The SA nursing population’s also ageing, she adds. Approximately 50% of licensed nurses are over 50 years old. Only 5% are under 30 years old.
“There will be a critical shortage of nurses in the near future when all the skilled professionals, teachers, managers and clinical specialists retire. There is a critical shortage of nurses is in the education, research, management and clinical specialties, midwifery, new-born care and primary health care fields.”
Poor pay
Nursing is notoriously poorly paid. In particular, lower categories of nurses work long hours for poor salaries often in substandard conditions, particularly in the public sector and rural areas, says Dippenaar.
Those who graduate with a post basic degree are able to find higher remuneration, while specialists like theatre-trained and critical-care nurses can demand higher salaries.

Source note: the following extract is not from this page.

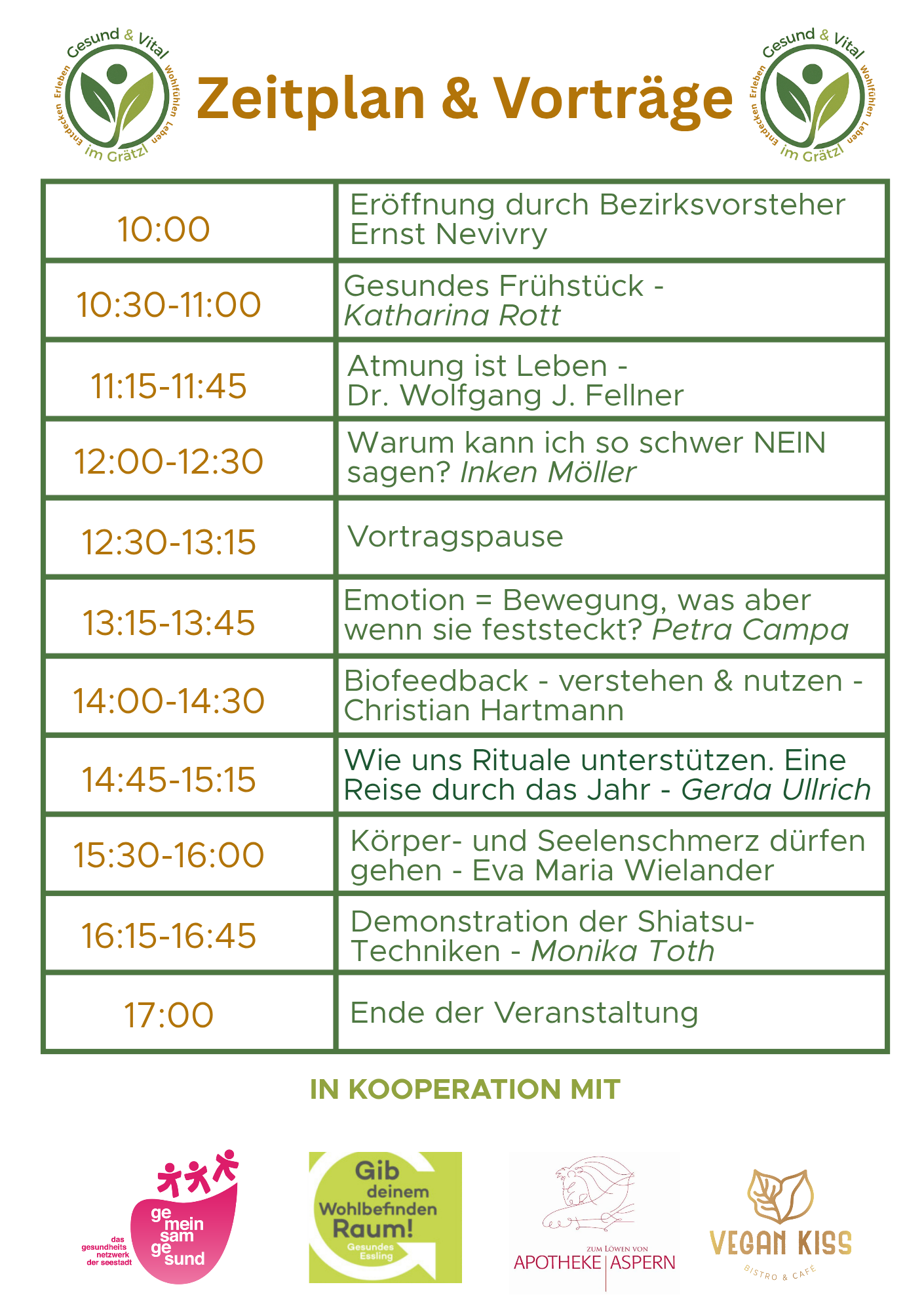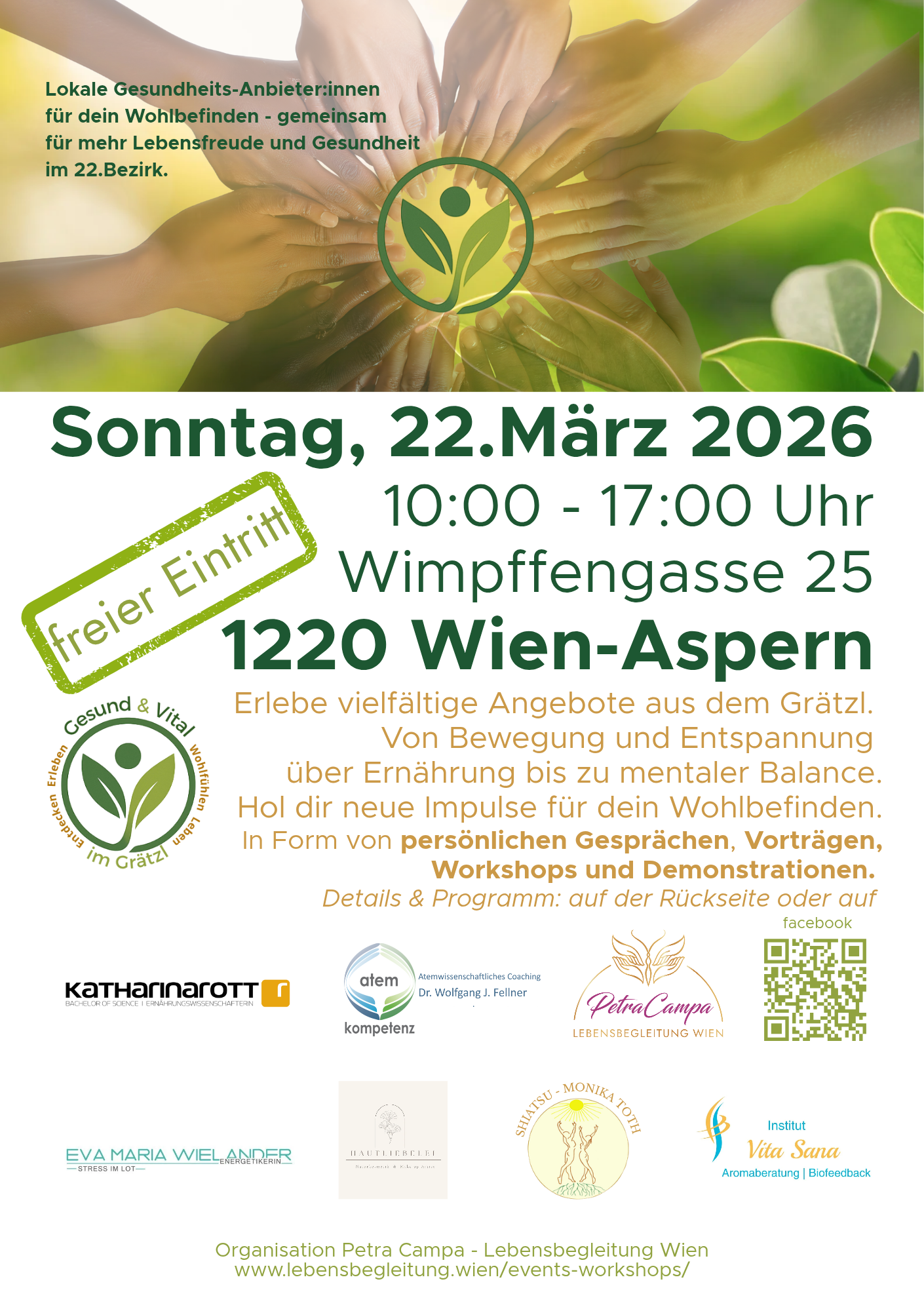 "Gesund & Vital im Grätzl" ist eine kostenfreie Gesundheits- und Wohlfühlveranstaltung mit Fokus auf ganzheitliches Wohlbefinden - direkt aus dem Grätzl, für das Grätzl.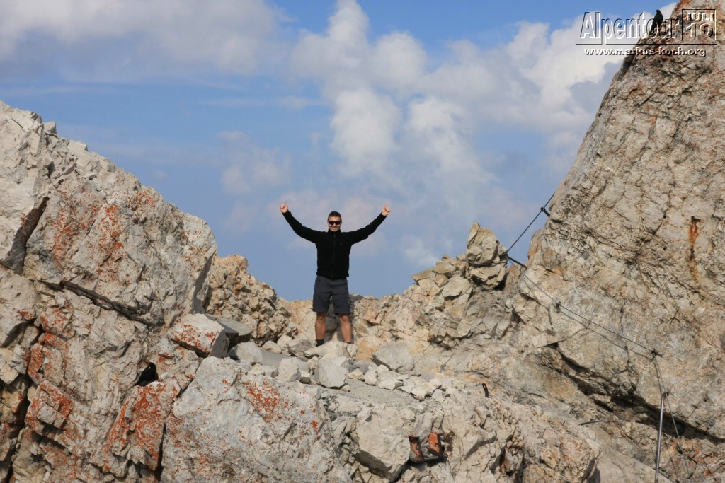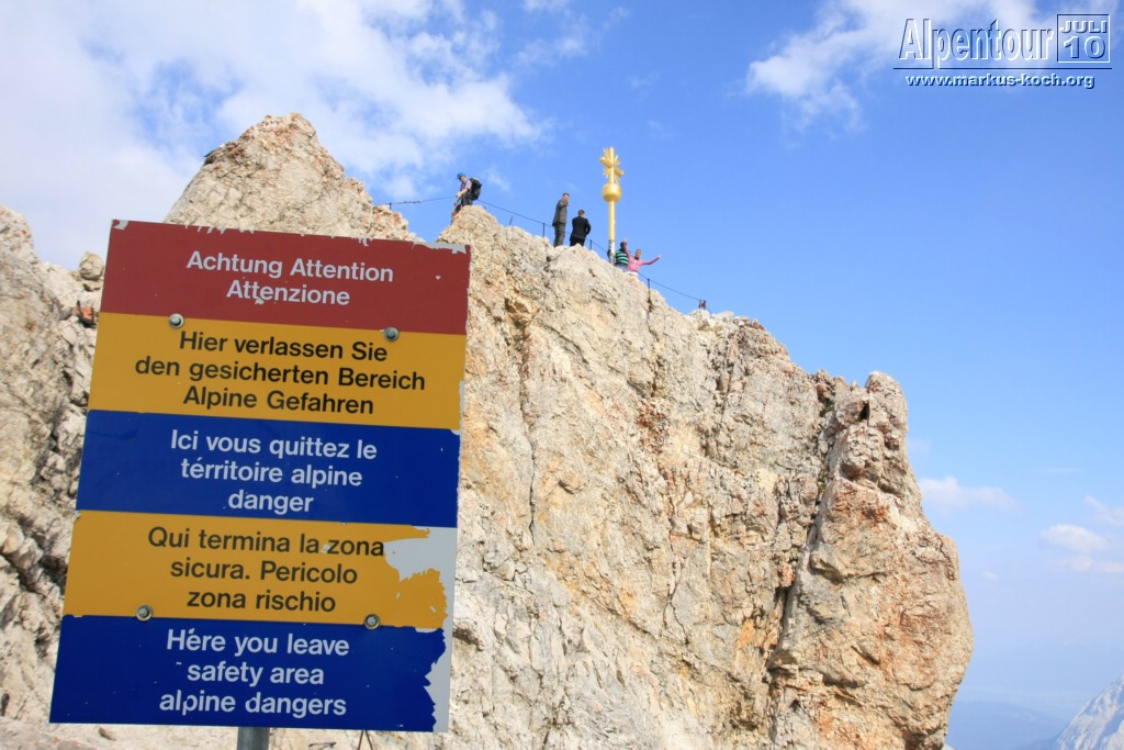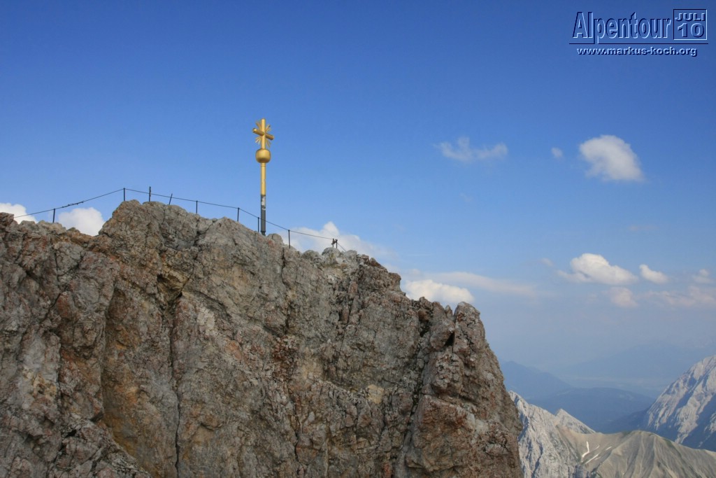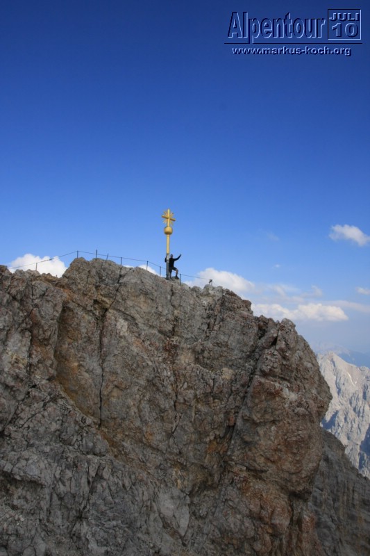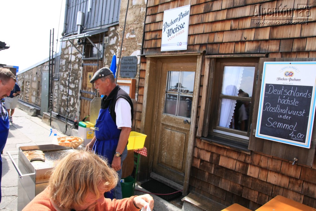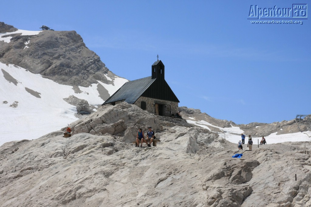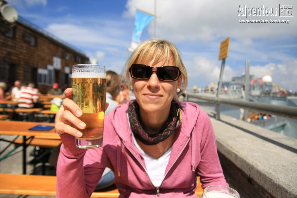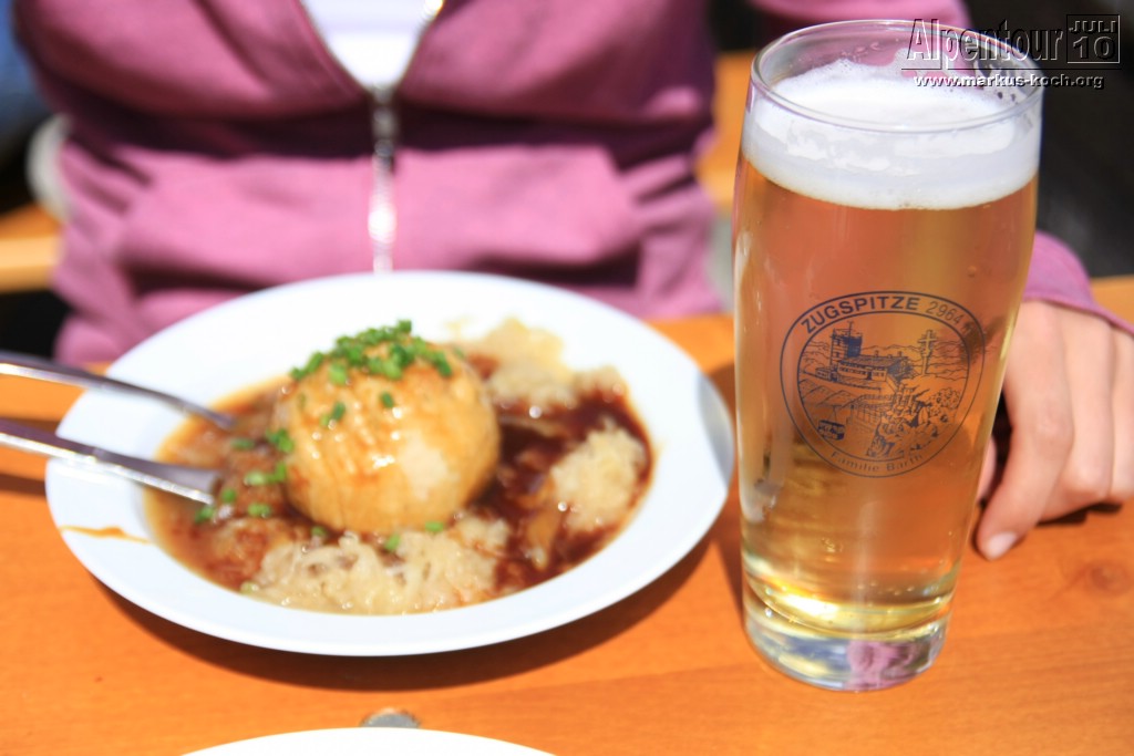 Nach kurzem Aufenthalt ging unser Fahrt nach Eibsee weiter. Vom Eibsee-Bahnhof fuhren wir mit der altbekannten Bayerischen Zugspitzbahn auf die Zugspitze bzw. zu SonnAlpin (2.600 m). Dort schauten wir uns Deutschlands höchste Kirche an und weiter gings mit der Seilbahn auf die Zugspitze (2.962 m). Auch dort kletterten wir zum Gipfelkreuz. Im höchsten Biergarten Deutschlands genossen wir bei Knödel mit Kraut und kühlem Radler den Ausblick und die warme Sonne.

“A newly-qualified pharmacist with a four-year degree and two years of practical has a starting salary of R35 000 per month, while a professional nurse is fortunate to earn R18 000, but has to take responsibility for life and death decisions in the absence of other healthcare professionals on a seven-day 12-hour shift basis,” Regensberg says.
Nurses also “moonlight” with two jobs to make ends meet (e.g. working both in public and private sector).
Not that it’s much consolation, but compared with developing countries, SA nurses are better paid, says Tawanda Makombo, an Institute of Race Relations research analyst.
Recourse
Creating a favourable workplace environment could go a long way in retaining professional nurses in their posts. “Poor working conditions and being overworked are driving many health care workers to leave public health for better opportunities. What is more alarming is that the DoH is not filling these vacant posts, while many qualified health care workers remain on the unemployment lines,” added Desfontaines.
Working conditions were so poor at public health facilities that the Department of Labour (DoL) issued the DoH with a section 7 notice over Occupational Health and Safety contraventions.
As for the private sector, a large number of overseas, qualified nurses have applied to SANC for registration, which may take three to five years. Some private hospital groups are bringing in professional nurses from India and other English-speaking Asian countries to supplement staff, particularly in operating theatres and ICU, says Regensberg.